Em palestra apresentada no Encontro de Coordenadores do Jovem Senador 2017, realizado no último dia 23 de março em Brasília, Emerson Costa, coordenador do projeto em São Paulo, ressaltou a importância do trabalho articulado de todas as 91 diretorias regionais e a Secretaria de Educação.

“Dada a dimensão da rede paulista para o Ensino Médio, seria impossível para as equipes do Centro de Ensino Fundamental Anos Finais, Ensino Médio e Educação Profissional – CEFAF, que integra a Coordenadoria da Gestão da Educação Básica – CGEB da Secretaria de Estado da Educação de São Paulo, centralizar o processo de divulgação, orientação, logística e seleção do Programa Jovem Senador de todo o estado de São Paulo. Portanto, a atuação dos Professores Coordenadores dos Núcleos Pedagógicos – PCNP das 91 Diretorias de Ensino Regionais – DER é fundamental para o sucesso do Programa Jovem Senador em São Paulo. Especialmente porque eles têm contato direto com escolas e professores, o que facilita o processo e garante um acompanhamento amplo, mas ao mesmo tempo específico para cada necessidade”.

As 220 escolas técnicas do Estado de São Paulo, embora vinculadas à Secretaria de Desenvolvimento Econômico, Ciência, Tecnologia e Inovação, também podem participar do Jovem Senador e encaminham suas redações para a Comissão de Seleção do Órgão Central – CSOC. Em 2017, a Jovem Senadora de São Paulo, Marina Vivianne Carcassola, foi vencedora representando a Escola Técnica Estadual Padre Carlos Leôncio, da cidade de Lorena, cujo orientador foi o Professor Francis Fernando Lobo.

Em 2016, em todo o Estado de São Paulo, foram mobilizados 28.235 alunos, 763 professores e realizadas 13.538 redações. A Comissão de Seleção do Órgão Central - CSOC, que avalia e seleciona as redações no âmbito da Secretaria de Educação, recebeu 241 redações.

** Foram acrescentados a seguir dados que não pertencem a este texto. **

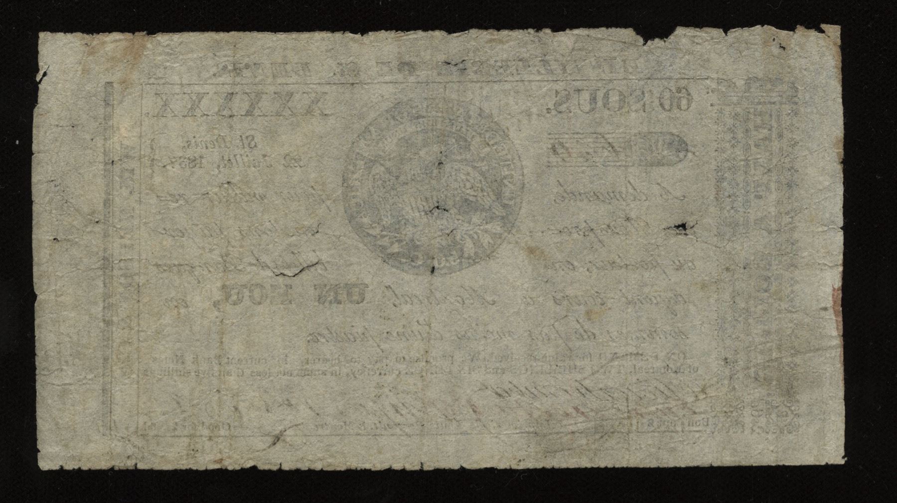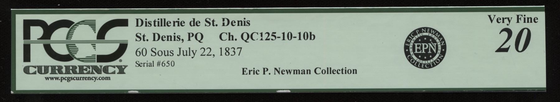 Un Ecu, 30 Pence, 22 Juillet, 1837, Ser#650, QC-125-10-10b, accompanied by a PCGS certificate VF20, (small internal tears.) Ex: Eric P. Newman Collection.

Segundo Emerson Costa, um grande diferencial do Programa de Trabalho da Secretaria de Educação é centralizar esforços na competência leitor – escritor dos adolescentes. “O Currículo do Estado de São Paulo pauta-se em competências e habilidades, utilizando conteúdos como meio, no processo de ensino/aprendizagem dos alunos. Dentre todas as competências e habilidades, as competências leitora e escritora têm prioridade”.

O Currículo do Estado de São Paulo (2012) prevê: “Em uma cultura letrada como a nossa, a competência de ler e escrever é parte integrante da vida das pessoas e está intimamente associada ao exercício da cidadania. [...] Nesse sentido, os atos de leitura e de produção de textos ultrapassam os limites da escola, especialmente os da aprendizagem em língua materna, configurando-se como pré-requisitos para todas as disciplinas escolares”.

Para o coordenador Emerson Costa, além de Língua Portuguesa, os demais componentes curriculares se encarregam das competências. “Sendo o produto para inscrição dos alunos no Jovem Senador uma redação, ele surge como possibilidade de trabalho para o desenvolvimento de leitura e escrita pelos professores junto aos alunos, ao mesmo tempo em que se encarregam de aplicar o currículo de seus componentes curriculares. Há um exercício de articulação por parte dos docentes no que tange a abordagem do tema do programa ao seu trabalho cotidiano. Portanto, professores de todas as áreas encontram facilitadores para orientar os alunos na participação do Programa Jovem Senador.

Há quatro anos atuando no Jovem Senador, Emerson é entusiasta do projeto e acredita que a mobilização dos alunos com o tema deste ano será grande. “Sendo a escola um espaço de pluralidade, entendemos que a temática para o ano de 2017 do Jovem Senador despertará o interesse de muitos alunos e será determinante para o sucesso. A pluralidade faz parte do cotidiano e a redação é um instrumento valioso para propagar as vozes dos estudantes. Além disso, é a oportunidade de eles amplificarem oficialmente para o país todo suas considerações”.